Abstract

INTRODUCTION: Palliative care is integral to cancer treatment. Our goal was to investigate the frequency of palliative care service contact for colon cancer patients and factors associated with their involvement. METHODS: We carried out a retrospective analysis of all colon cancer patients diagnosed at our university-affiliated hospital between 1/1/2010 and 12/31/2017. We used Fisher's exact test to find statistically significant differences in proportions of patients seen by the palliative care service based on sex, race, insurance type, cancer stage, surgical intervention, and chemotherapy administration, hospitalization history, and vital status. Bayesian univariate logistic regression models were fit to each variable to give the probability of palliative care use for each. RESULTS: We identified 655 patients diagnosed with colon cancer at our institution, including 361 (55%) women, 280 (43%) with Stage III or IV disease, and 156 (25%) dead at time of last contact. Most were diagnosed as inpatients (385/655; 59%) and hospitalized for any cause (612/655; 93%). Those diagnosed as inpatients had poorer survival for the first 6 years after diagnosis compared to their counterparts (Figure 1).
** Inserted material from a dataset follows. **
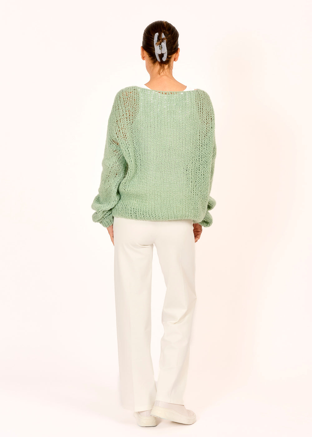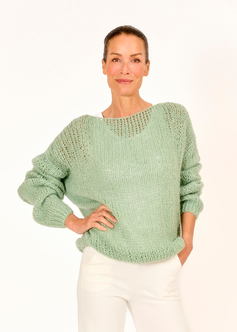 Dieser Grobstrickpullover in der frischen Farbe Menta bringt einen Hauch von Frühlingsfrische in deine Looks. Die lockere Strickstruktur sorgt für eine lässige Optik und ein angenehmes Tragegefühl. Perfekt für kühle Tage – stylisch, cozy und wunderbar vielseitig kombinierbar.
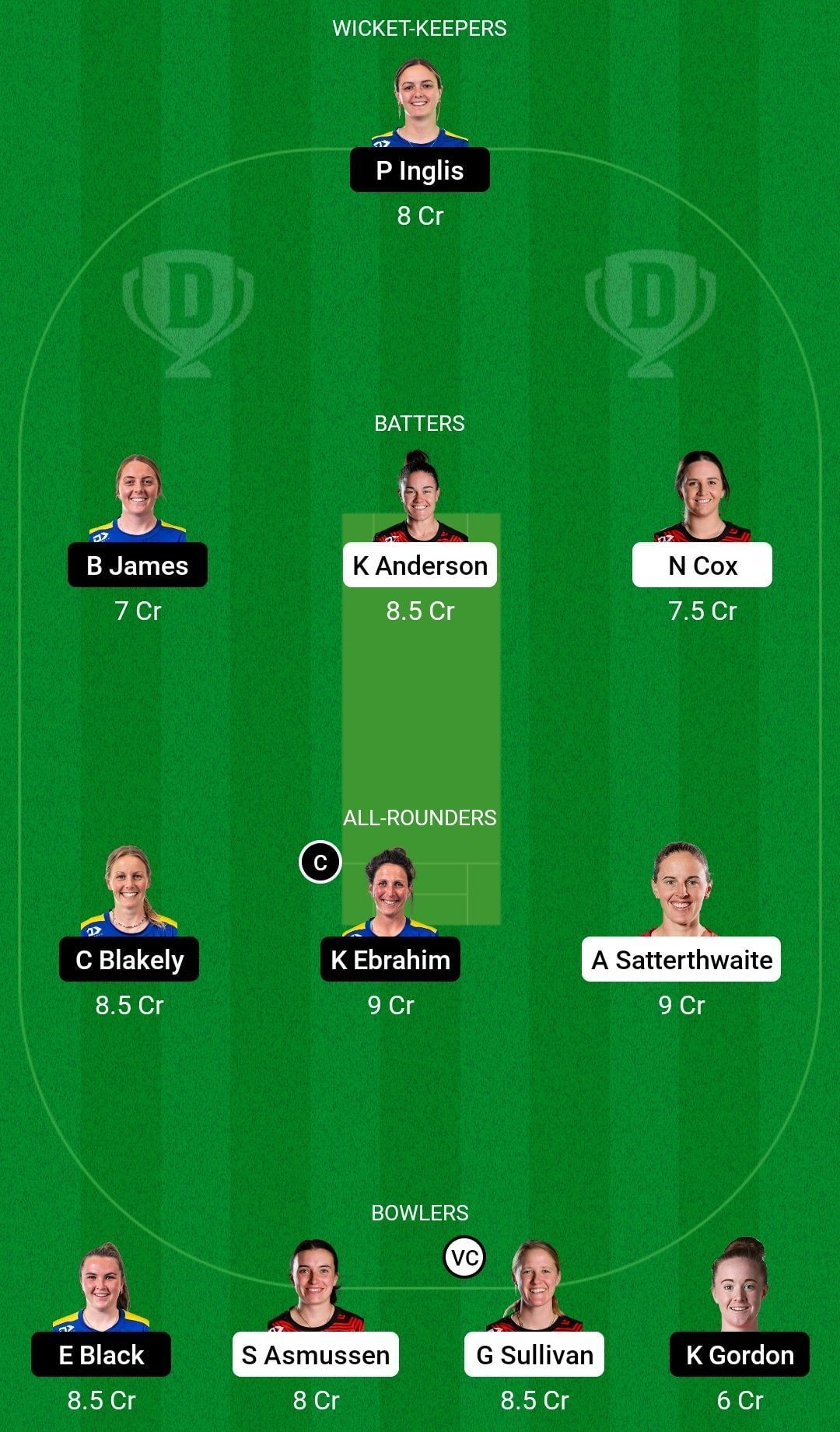 Bowlers: Emma Black, Sarah Asmussen, Gabby Sullivan (vc), Kirstie Gordon

Only 105/612 (17%) admitted for any cause were evaluated by the palliative care team—regardless of sex, race, insurance type, or cancer stage—while 484/612 (79%) underwent surgical intervention and 151/612 (25%) received chemotherapy. Most patients with Stage III and IV disease were more likely to undergo surgery (214/285; 75%) than not, yet were less likely to receive chemotherapy (150/285; 53%) and palliative care team contact (214/285; 75%). Results are summarized in Tables 1 and 2. CONCLUSION: The lack of contact with palliative care teams is concerning given both the poorer survival among those diagnosed as inpatients as well as the rate of all-cause admissions. Additionally, the preponderance of surgical interventions without chemotherapy or palliative care in Stage III to IV disease is inconsistent since aggressive treatments typically involve the former while conservative plans should include the latter. The underutilization of palliative care teams may be rooted in lack of staffing, misconceptions that providers and patients have about palliative care, or lack of coordination among specialists. Providers must be mindful of the utility of palliative care specialists and aim to include them earlier in the care of patients at all stages of disease.